### The data
<<<<
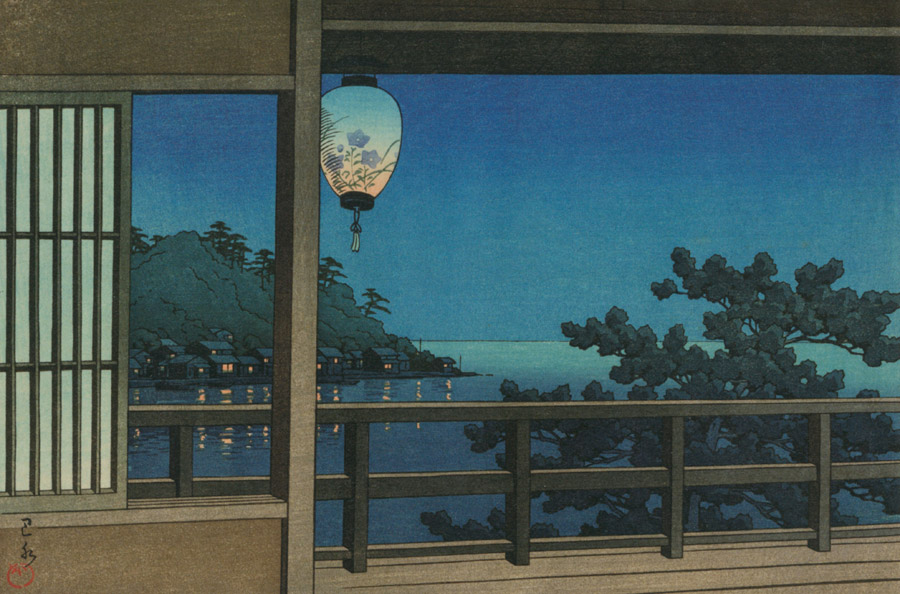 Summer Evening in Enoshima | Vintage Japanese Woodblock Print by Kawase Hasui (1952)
>>>>
<<<<
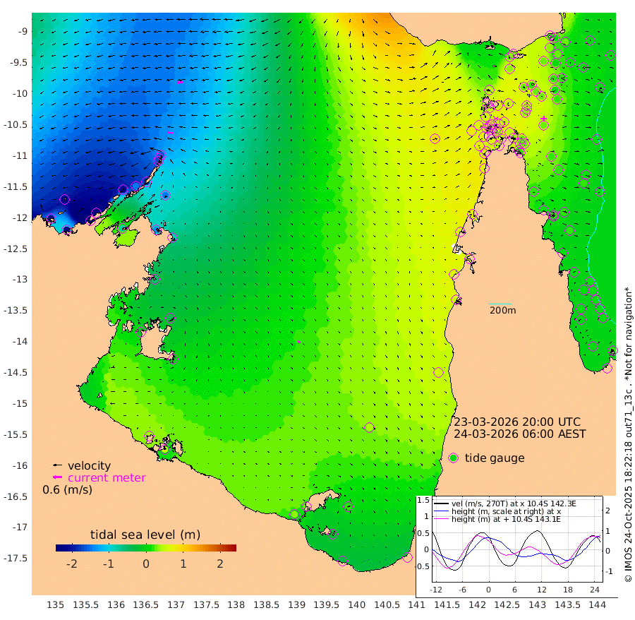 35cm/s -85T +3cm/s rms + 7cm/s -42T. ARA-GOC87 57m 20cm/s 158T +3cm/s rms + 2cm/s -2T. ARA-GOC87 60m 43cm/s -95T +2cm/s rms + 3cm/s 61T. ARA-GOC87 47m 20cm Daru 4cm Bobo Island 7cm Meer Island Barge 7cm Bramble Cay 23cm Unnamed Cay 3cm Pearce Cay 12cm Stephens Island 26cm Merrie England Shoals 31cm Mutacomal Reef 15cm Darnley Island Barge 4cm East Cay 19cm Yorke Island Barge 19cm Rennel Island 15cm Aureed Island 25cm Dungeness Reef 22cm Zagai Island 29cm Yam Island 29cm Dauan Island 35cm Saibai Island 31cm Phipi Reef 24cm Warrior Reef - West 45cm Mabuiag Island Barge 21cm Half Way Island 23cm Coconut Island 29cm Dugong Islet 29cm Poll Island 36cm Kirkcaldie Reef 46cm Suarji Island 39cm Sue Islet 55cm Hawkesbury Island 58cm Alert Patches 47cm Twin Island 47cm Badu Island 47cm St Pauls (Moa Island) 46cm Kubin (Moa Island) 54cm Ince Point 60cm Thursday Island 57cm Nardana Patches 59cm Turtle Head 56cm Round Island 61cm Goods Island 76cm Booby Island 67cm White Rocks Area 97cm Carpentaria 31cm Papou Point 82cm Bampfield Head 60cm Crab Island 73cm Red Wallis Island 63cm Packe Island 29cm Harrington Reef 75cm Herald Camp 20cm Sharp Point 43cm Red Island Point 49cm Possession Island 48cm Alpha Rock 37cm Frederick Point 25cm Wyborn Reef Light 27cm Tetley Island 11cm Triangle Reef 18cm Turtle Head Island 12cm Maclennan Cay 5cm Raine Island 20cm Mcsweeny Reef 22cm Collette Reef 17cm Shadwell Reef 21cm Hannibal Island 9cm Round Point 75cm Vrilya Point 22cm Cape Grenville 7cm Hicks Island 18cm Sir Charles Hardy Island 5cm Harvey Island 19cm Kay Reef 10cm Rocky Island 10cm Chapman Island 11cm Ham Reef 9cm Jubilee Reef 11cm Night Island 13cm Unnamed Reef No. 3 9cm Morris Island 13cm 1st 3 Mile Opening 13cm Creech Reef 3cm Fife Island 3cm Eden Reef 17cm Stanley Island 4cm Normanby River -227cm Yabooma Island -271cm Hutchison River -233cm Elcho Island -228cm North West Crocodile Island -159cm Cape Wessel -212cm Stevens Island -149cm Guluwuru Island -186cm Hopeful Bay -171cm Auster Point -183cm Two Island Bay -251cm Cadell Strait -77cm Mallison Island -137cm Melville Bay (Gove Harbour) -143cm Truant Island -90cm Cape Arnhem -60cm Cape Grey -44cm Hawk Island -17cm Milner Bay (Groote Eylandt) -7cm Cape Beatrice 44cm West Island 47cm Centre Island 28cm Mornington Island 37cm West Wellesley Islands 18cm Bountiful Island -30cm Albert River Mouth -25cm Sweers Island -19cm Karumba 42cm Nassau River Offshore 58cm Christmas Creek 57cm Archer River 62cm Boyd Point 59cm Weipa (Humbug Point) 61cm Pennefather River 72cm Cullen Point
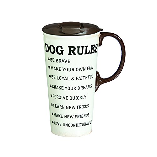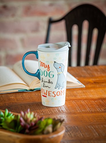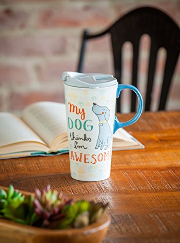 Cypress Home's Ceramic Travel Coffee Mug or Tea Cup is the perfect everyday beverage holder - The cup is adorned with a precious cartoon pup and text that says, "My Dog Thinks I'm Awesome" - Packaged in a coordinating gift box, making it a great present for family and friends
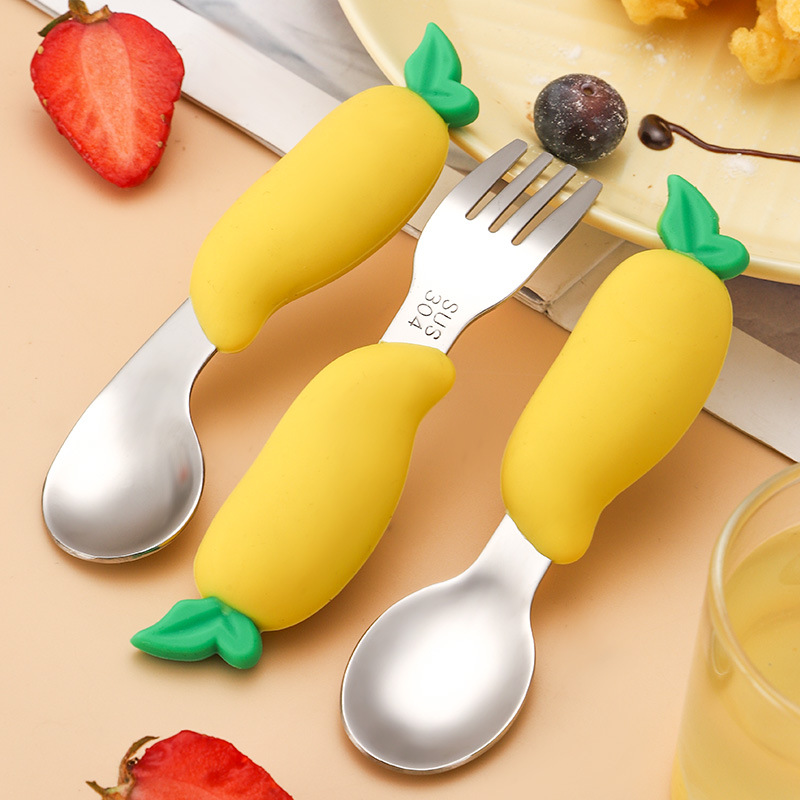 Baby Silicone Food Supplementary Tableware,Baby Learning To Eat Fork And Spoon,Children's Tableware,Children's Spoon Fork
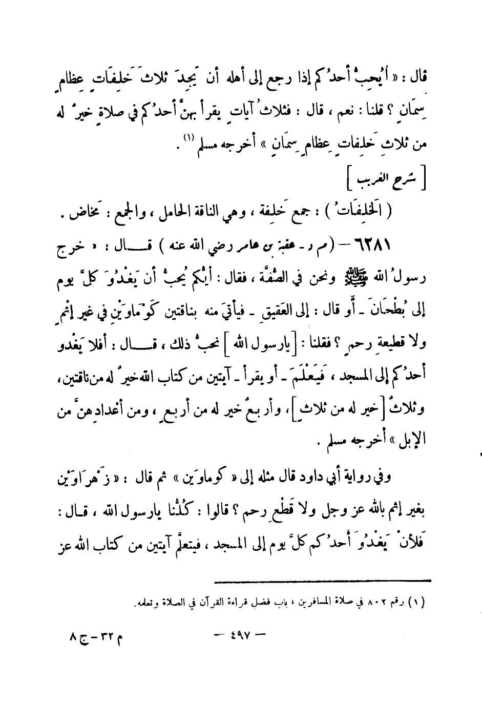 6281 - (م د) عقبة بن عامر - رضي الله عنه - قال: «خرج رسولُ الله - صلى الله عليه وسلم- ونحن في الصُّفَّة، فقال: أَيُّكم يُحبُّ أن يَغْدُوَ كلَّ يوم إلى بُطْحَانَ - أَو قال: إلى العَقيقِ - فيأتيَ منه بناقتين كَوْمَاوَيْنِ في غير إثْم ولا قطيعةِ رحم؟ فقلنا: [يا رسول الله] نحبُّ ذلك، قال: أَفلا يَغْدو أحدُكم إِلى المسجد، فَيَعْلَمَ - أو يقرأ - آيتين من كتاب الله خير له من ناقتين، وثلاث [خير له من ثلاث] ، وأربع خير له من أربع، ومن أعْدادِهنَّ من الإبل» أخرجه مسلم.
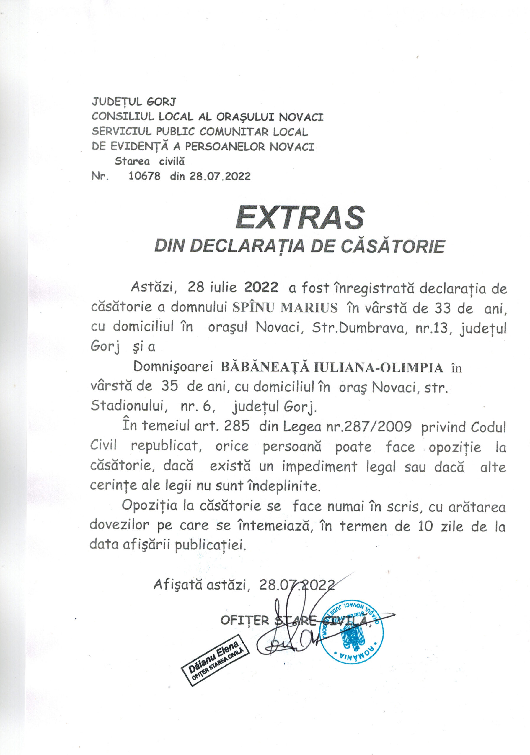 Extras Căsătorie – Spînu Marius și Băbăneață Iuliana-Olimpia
>>>>
### Task to complete
Print, exactly, each line above from the one with "6281 - (م د)" to the one with "Extras Căsătorie –", end lines included. Leave pictures out of it.

### Task result
 6281 - (م د) عقبة بن عامر - رضي الله عنه - قال: «خرج رسولُ الله - صلى الله عليه وسلم- ونحن في الصُّفَّة، فقال: أَيُّكم يُحبُّ أن يَغْدُوَ كلَّ يوم إلى بُطْحَانَ - أَو قال: إلى العَقيقِ - فيأتيَ منه بناقتين كَوْمَاوَيْنِ في غير إثْم ولا قطيعةِ رحم؟ فقلنا: [يا رسول الله] نحبُّ ذلك، قال: أَفلا يَغْدو أحدُكم إِلى المسجد، فَيَعْلَمَ - أو يقرأ - آيتين من كتاب الله خير له من ناقتين، وثلاث [خير له من ثلاث] ، وأربع خير له من أربع، ومن أعْدادِهنَّ من الإبل» أخرجه مسلم.
 Extras Căsătorie – Spînu Marius și Băbăneață Iuliana-Olimpia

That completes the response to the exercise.